Source data
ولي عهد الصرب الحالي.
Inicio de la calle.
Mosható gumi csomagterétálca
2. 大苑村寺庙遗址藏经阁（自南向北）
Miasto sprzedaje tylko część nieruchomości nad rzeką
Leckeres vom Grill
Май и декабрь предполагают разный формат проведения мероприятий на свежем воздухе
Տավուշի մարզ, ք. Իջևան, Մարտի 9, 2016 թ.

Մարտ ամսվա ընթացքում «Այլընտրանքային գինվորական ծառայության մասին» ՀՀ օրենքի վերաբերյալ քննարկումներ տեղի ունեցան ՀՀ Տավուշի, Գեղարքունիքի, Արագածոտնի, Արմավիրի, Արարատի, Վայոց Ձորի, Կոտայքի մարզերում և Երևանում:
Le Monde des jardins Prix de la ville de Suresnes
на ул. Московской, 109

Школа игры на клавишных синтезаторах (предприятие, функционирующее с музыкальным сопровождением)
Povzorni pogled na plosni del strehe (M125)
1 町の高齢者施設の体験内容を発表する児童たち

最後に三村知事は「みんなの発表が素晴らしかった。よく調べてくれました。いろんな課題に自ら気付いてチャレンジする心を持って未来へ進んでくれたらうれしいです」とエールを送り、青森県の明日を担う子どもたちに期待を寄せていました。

---

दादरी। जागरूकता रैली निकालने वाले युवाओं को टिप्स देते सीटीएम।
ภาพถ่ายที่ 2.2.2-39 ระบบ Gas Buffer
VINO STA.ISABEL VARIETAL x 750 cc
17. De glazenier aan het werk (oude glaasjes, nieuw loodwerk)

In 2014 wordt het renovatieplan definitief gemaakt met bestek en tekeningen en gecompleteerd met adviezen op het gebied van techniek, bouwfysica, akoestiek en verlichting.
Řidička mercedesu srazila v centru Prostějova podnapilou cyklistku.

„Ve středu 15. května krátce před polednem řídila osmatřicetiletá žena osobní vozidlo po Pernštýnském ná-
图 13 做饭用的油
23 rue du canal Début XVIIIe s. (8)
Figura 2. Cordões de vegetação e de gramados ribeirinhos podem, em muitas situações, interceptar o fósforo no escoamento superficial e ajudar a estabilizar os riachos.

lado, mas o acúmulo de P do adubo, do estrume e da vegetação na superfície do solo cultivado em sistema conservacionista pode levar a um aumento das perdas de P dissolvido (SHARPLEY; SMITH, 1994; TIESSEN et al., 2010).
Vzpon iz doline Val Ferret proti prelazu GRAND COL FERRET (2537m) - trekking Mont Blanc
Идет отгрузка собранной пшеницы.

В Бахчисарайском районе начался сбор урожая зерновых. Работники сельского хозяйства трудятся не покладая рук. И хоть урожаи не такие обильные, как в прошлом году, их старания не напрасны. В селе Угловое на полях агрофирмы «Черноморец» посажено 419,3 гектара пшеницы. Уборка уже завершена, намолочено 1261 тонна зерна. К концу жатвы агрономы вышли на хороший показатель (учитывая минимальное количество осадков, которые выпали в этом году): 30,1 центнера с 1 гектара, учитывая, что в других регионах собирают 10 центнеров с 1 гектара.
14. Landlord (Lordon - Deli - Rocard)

» **YOUR GOAL**: Please transcribe exactly the lines above from the line that has "VINO STA.ISABEL VARIETAL x 750 cc" up to and including the line that has "17. De glazenier"; no other line belongs in the answer.

» **ANSWER SPACE**:
VINO STA.ISABEL VARIETAL x 750 cc
17. De glazenier aan het werk (oude glaasjes, nieuw loodwerk)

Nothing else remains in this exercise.